16 Ekim 2015 Cuma

Büyük Bina Tutkusu

Komünist mimarideki büyük bina tutkusunun bir örneği: Moskova'daki Bakanlar Kurulu Binası.
Dinsiz yöneticilerin ortak özelliği, sahip oldukları makamdan dolayı büyüklük hissine kapılmaları, kibirlenerek diğer insanları küçümsemeleridir. Bunu çeşitli şekillerde ifade ederler.
Kuran'da Allah bu yöneticilere örnek olarak Hz. Musa devrinde Mısır'ı yöneten Firavun'u anlatmaktadır. Firavun kibirlenerek hem Allah'a ve elçisi Hz. Musa'ya karşı gelmiş, hem de kendi halkını türlü baskılara uğratmıştır. Firavun'un büyüklük hissinin ilginç bir ifade biçimi ise, "yüksek bir kule" inşa ettirmeye kalkmasıdır. Bu amaçla Firavun tarafından yardımcısı Haman'a verilen emir Kuran'da şöyle bildirilir:
Firavun dedi ki: "Ey önde gelenler, sizin için benden başka ilah olduğunu bilmiyorum.

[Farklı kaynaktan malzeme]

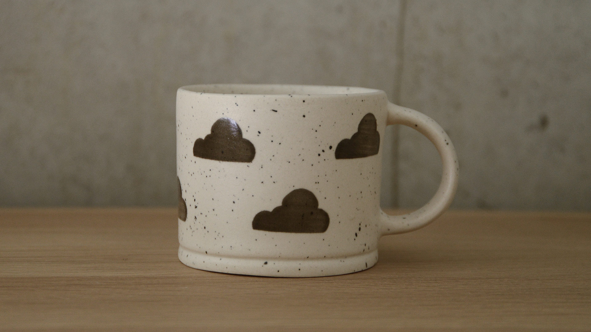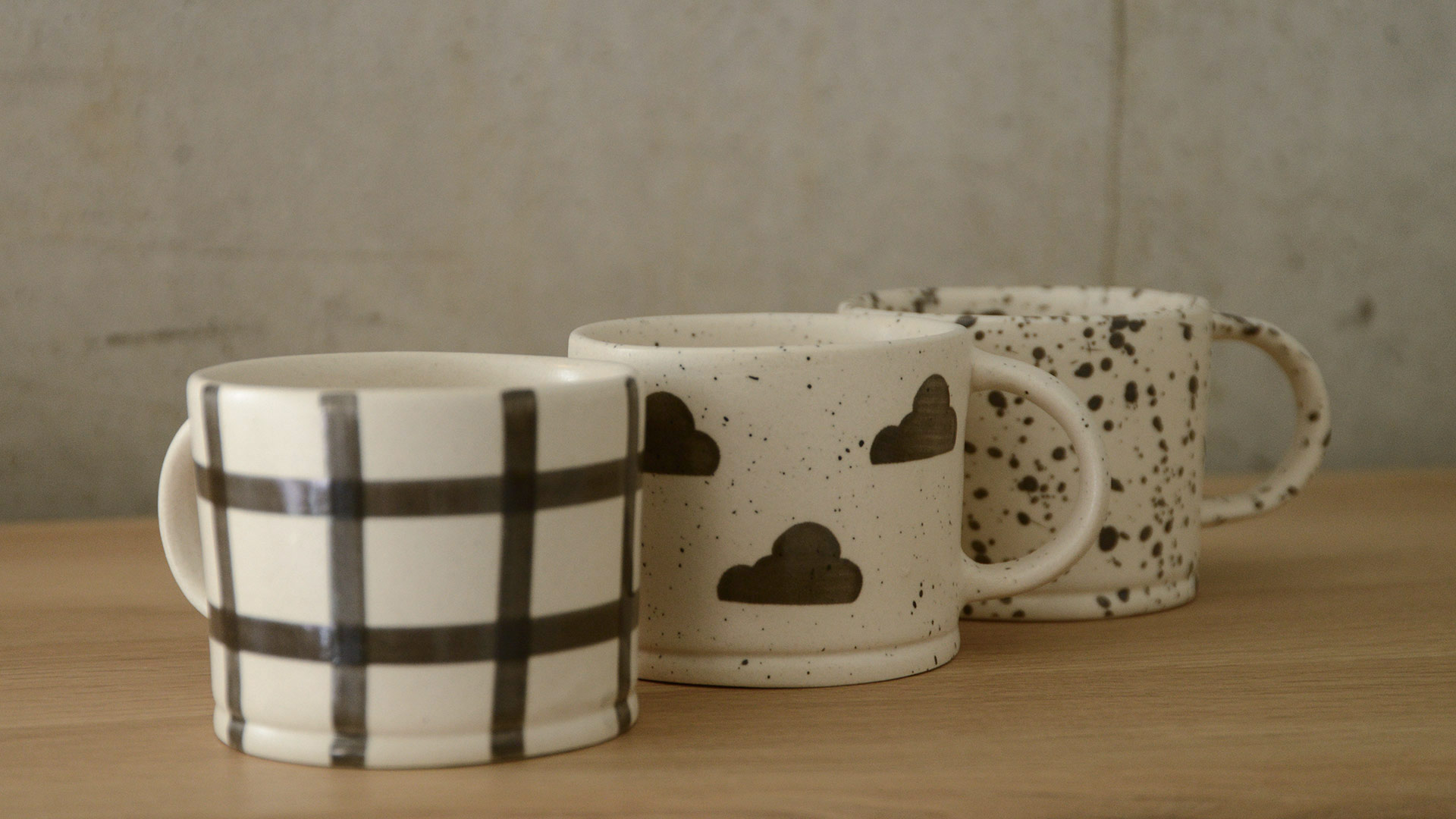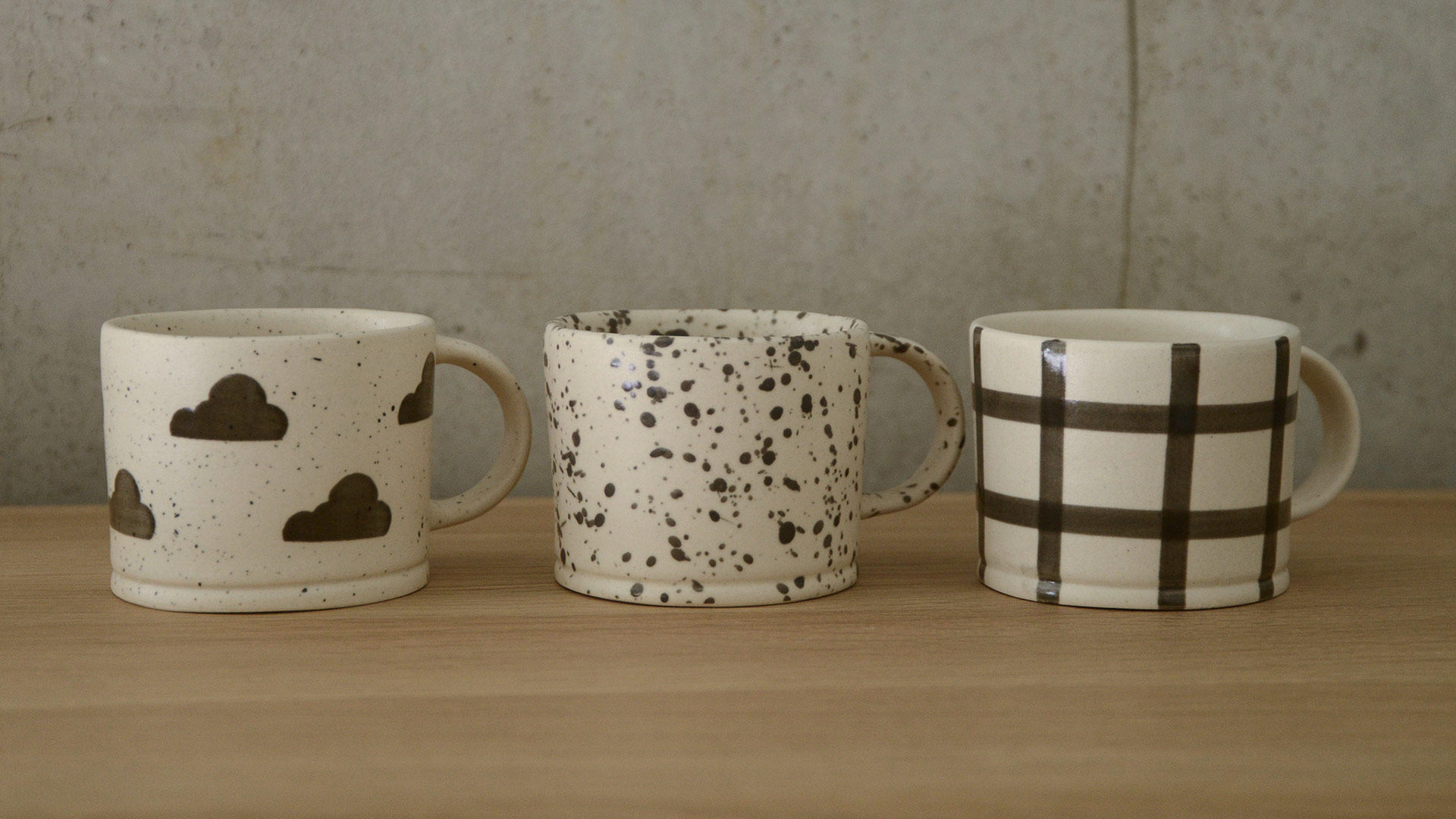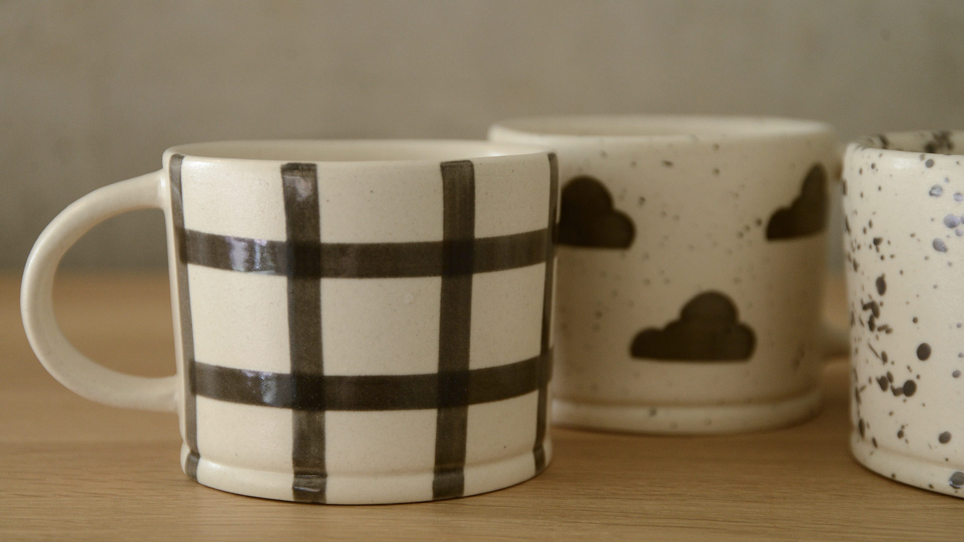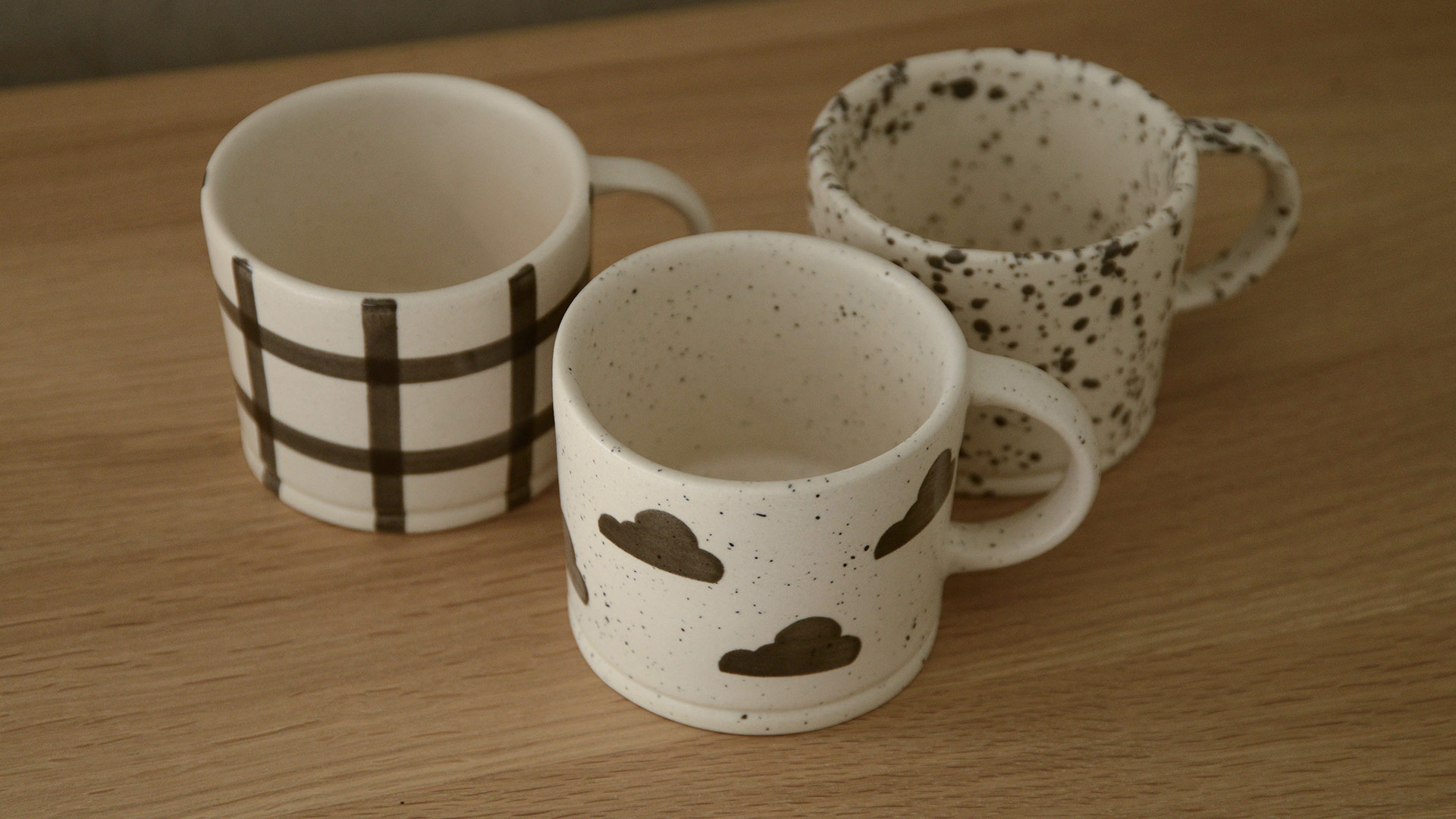 Gingham: a hand-painted grid design with broad strokes Clouds: a speckled finish overall, dotted with hand-painted rainclouds Ink Splash: a larger scale splattered paint finish

Ey Haman, çamurun üstünde bir ateş yak da, bana yüksekçe bir kule inşa et, belki Musa'nın ilahına çıkarım çünkü gerçekten ben onu yalancılardan (biri) sanıyorum." (Kasas Suresi, 38)
Firavun'un kibirinin bir ifadesi olan "yüksek kule" tutkusu, komünist diktatörlerde de "büyük bina" tutkusu olarak ortaya çıkmıştır. Başta Sovyetler Birliği olmak üzere, tüm komünist rejimlerde abartılı derecede büyük devlet binaları inşa edilmiş, bu binalar komünist rejimin güç ve kalıcılığının bir sembolü olarak görülmüştür. Romen diktatör Nikolay Çavuşesku'nun Bükreş'te yaptırdığı saray, dünyanın en büyük binası ünvanını uzun süre korumuştur. Son derece soğuk ve zevksiz bir görümüne sahip olan saray, sadece "büyüklük" konusunda ön plana çıkabilmiş ve komünist ideolojinin büyüklük kompleksinin bir ifadesi olarak kalmıştır.